申如録

日常生活で考えたことなど

劉琨「答廬諶詩一首並書」

 冬はお酒が美味しい。特に日本酒と焼酎が美味しい。気がつけば立冬まで3週間弱、日は目に見えて短くなり気温はぐっと低くなってきた。楽しみな季節が近づいてきている。

漢詩には酒を扱ったものが多く、漢詩集をぱらぱらめくっただけでも容易に見つけることができる。しかし酒を扱った文書となると、漢詩ほど容易には見つからない。
 そんなわけで、ここでは私が一番好きな酒に関する文書を紹介する。今から1700年以上前、動乱の晋の時代に活躍した劉琨という人が部下の廬諶に宛てた手紙の一節である。

 酒に関する箇所の前には、祖国が亡国の憂き目に遭ったことへの悲哀と憤りが記される。

國破家亡、親友彫残、負杖行吟則百憂倶至、塊然獨坐則哀憤兩集、
国は破れて家はなくなり親友たちは落ち延びて、杖をつきつつ詩を吟じれば百の憂いがやって来て、独りぽつんと座ってみれば哀しみと怒り込み上げる。

 そんな悲哀と憤りを慰めてくれるのは、知己と酌み交わす酒である。

時復相與、擧觴對膝、破涕爲笑、排終身之積惨、求數刻之暫歡、
時おり一緒に仲良く飲んで泣き顔破って笑顔に変えて、長年積もった憂さを晴らしてしばらく楽しく過ごしましょう。

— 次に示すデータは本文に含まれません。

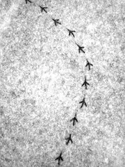雪上の足跡 薄く降った雪の上に続く野鳥の足跡はまるで水墨画のようです。
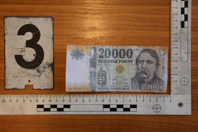 Az egyik szekszárdi dohánybolt eladója tett bejelentést a rendőrségre 2019. április 23-án délután, mert egy nő az üzletben a boltos véleménye szerint hamis pénzzel fizetett. A helyszíni intézkedés során a rendőrök az üzletben az akkor még hamisnak hitt bankjegyet lefoglalták. Az ügyben büntetőeljárást indítottak pénzhamisítás bűntett elkövetésének gyanúja miatt. A kirendelt szakértő megállapította, hogy a húszezres valóban hamis. Az egyenruhások gyanúsítottként hallgatták ki pénzhamisítás bűntett elkövetésének megalapozott gyanúja miatt azt a 30 éves szekszárdi nőt, aki a boltban a hamis pénzzel vásárolt.
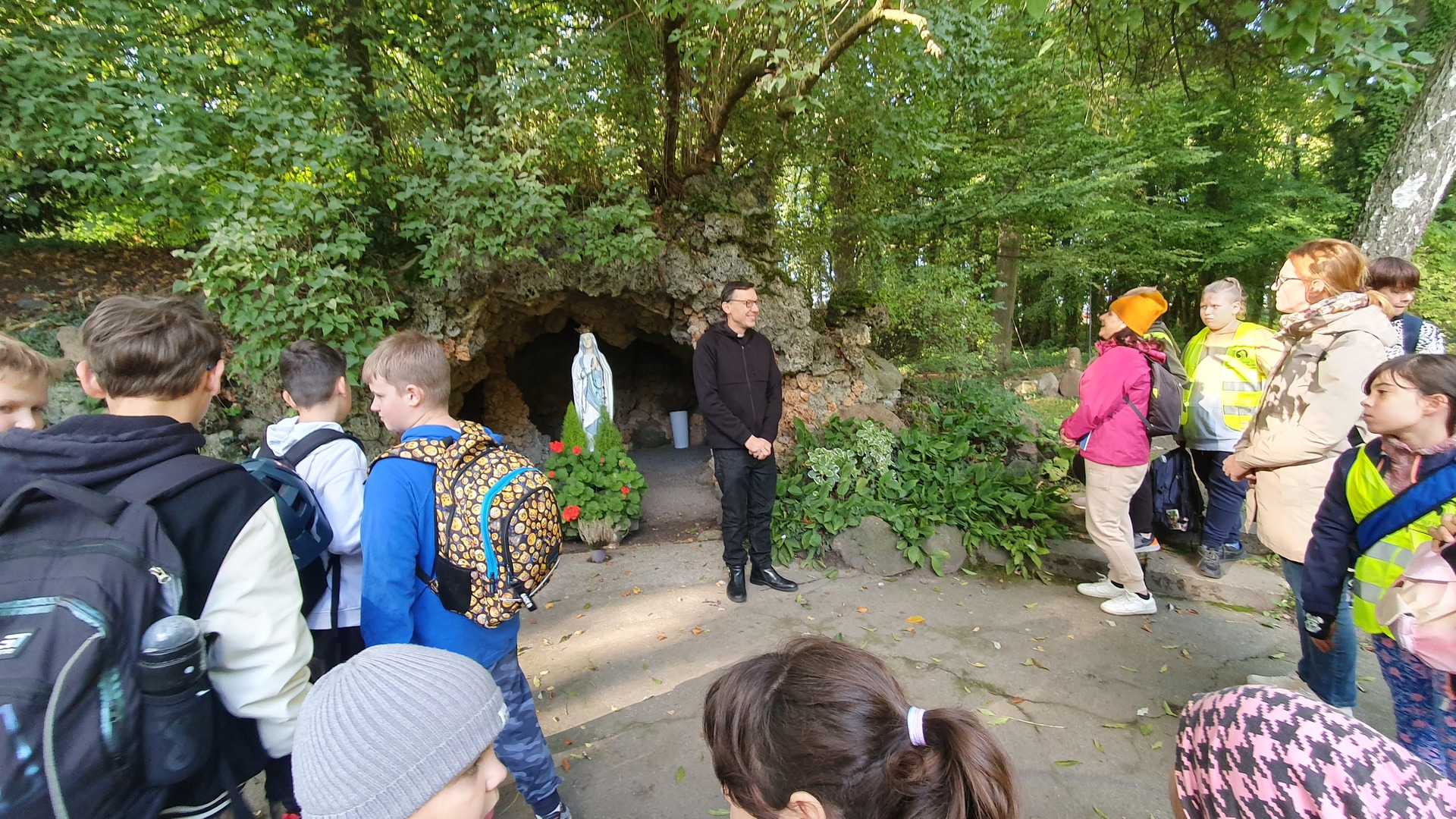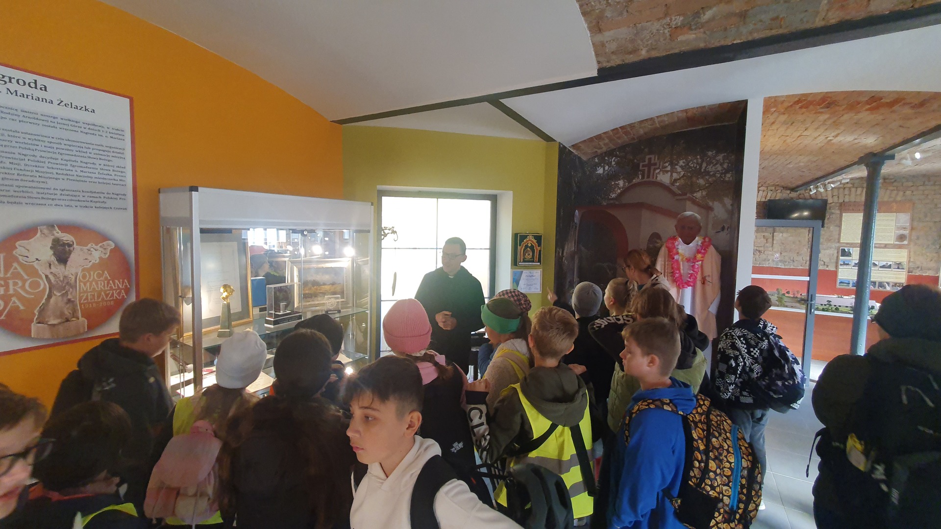 Gdy dołączyła do nas pani dyrektor, ksiądz Michał Śledziński (nowy probosz maniewskiej parafii) oprowadził nas po Muzeum im. Ojca Mariana Żelazka, domu misyjnym oraz parku.

 そして手紙は次のように続く。酔いが醒めれば慰めは終わる。

譬由疾疢彌年而欲一丸銷之、其可得乎。
しかるにこれを例えてみれば、幾年にわたる長患いをただ一粒の薬で消さん、どうしてこれができようか。

――劉琨「答廬諶詩一首並書」より

 お酒をしっぽり飲みたいなあと思う。